TRY IT:
As the answer, return precisely the lines from the one containing "Vaisselier finition laquée" to the final line of the material below, inclusive, and omit every picture.

SUPPLIED DATA:
-- Opening Marker --

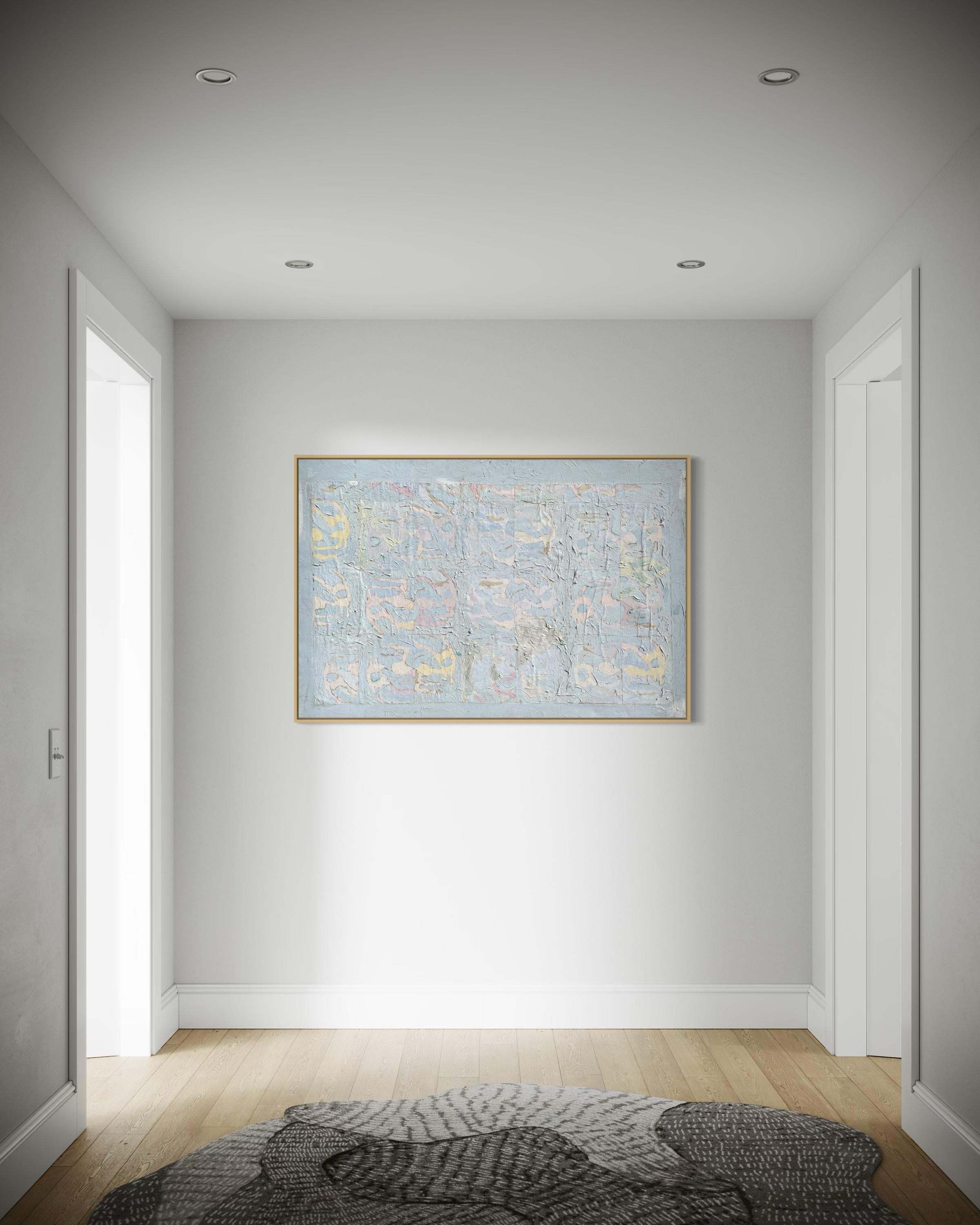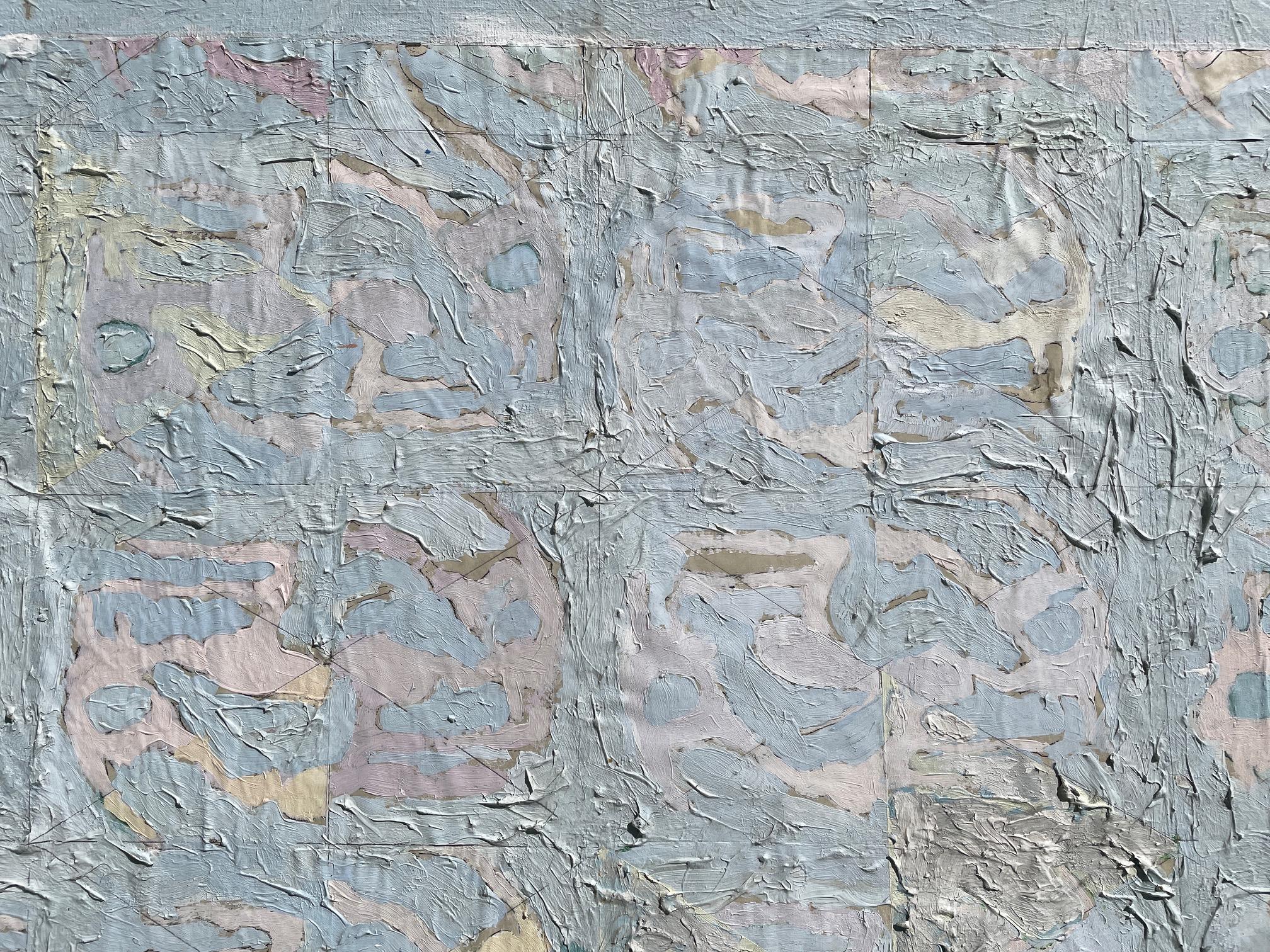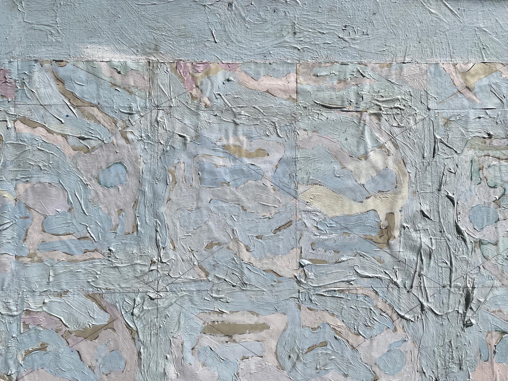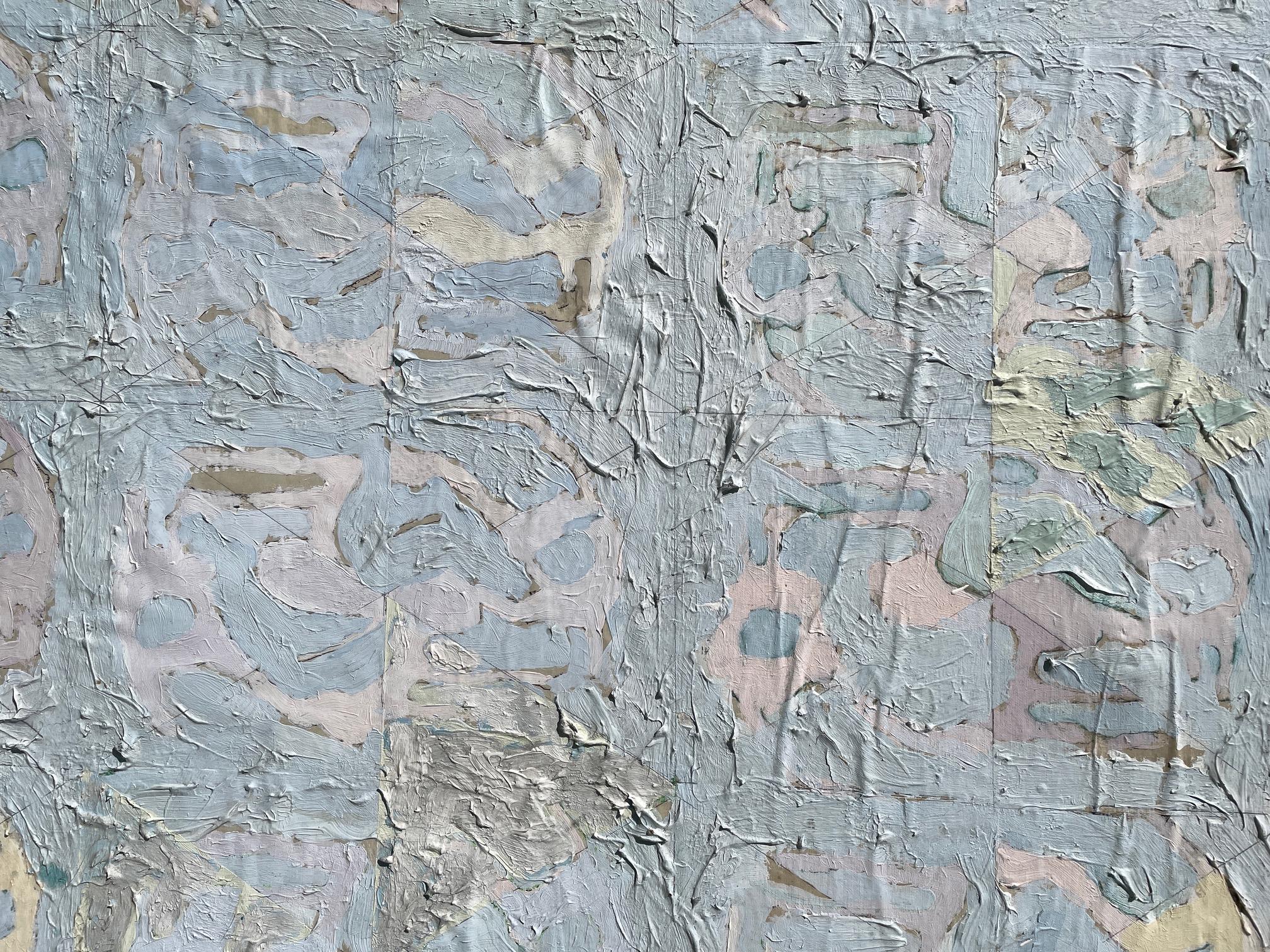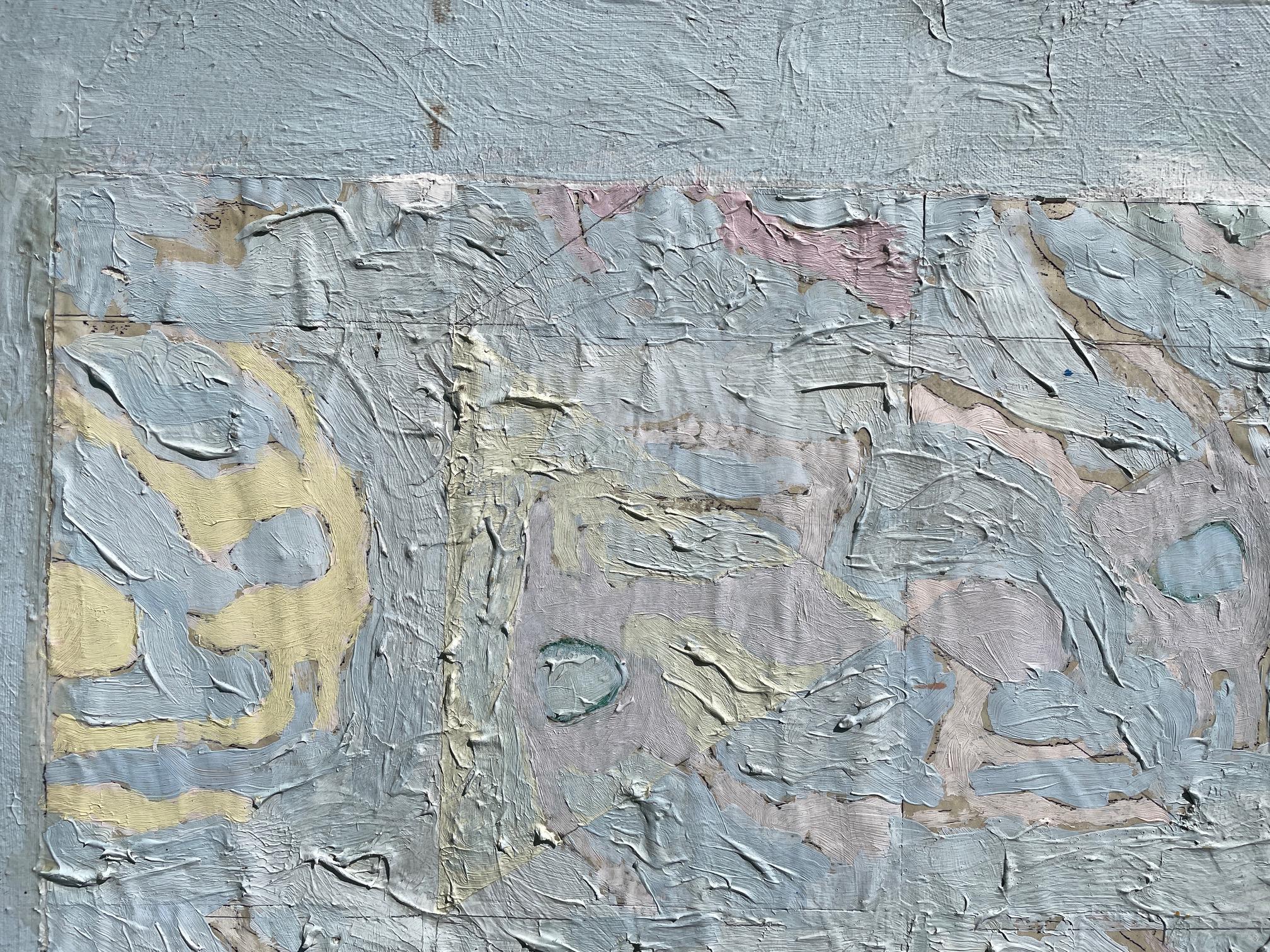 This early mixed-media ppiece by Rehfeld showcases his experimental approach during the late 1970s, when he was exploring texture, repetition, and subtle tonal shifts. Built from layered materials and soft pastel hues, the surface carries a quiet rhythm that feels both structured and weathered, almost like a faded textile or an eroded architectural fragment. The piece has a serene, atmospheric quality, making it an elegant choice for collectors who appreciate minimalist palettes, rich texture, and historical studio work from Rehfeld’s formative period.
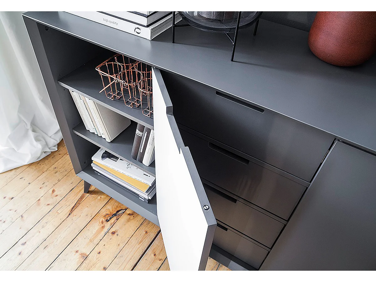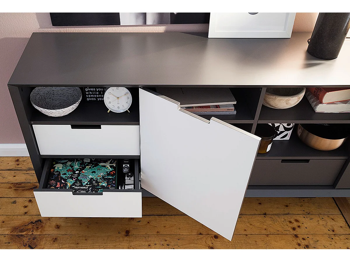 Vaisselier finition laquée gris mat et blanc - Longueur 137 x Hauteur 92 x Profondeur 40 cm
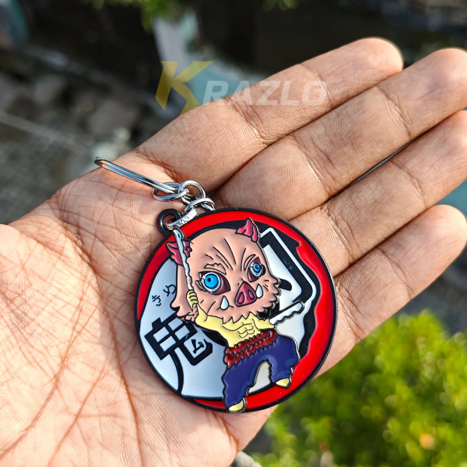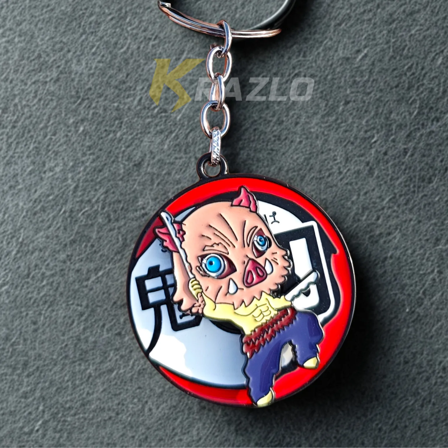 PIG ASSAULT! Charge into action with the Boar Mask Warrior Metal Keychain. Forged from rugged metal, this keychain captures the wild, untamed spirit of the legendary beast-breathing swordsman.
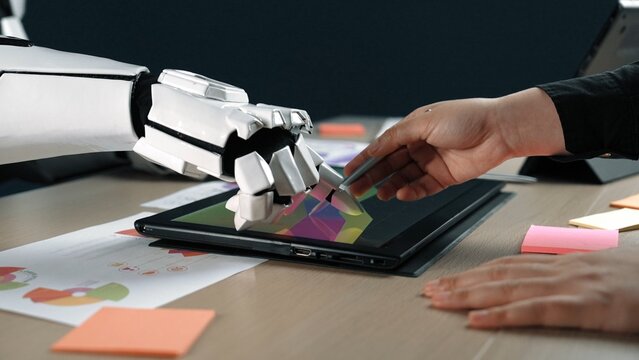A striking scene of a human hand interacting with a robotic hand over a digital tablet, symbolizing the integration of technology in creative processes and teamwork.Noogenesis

-- Closing Marker --

ANSWER SPACE:
 Vaisselier finition laquée gris mat et blanc - Longueur 137 x Hauteur 92 x Profondeur 40 cm
 PIG ASSAULT! Charge into action with the Boar Mask Warrior Metal Keychain. Forged from rugged metal, this keychain captures the wild, untamed spirit of the legendary beast-breathing swordsman.
A striking scene of a human hand interacting with a robotic hand over a digital tablet, symbolizing the integration of technology in creative processes and teamwork.Noogenesis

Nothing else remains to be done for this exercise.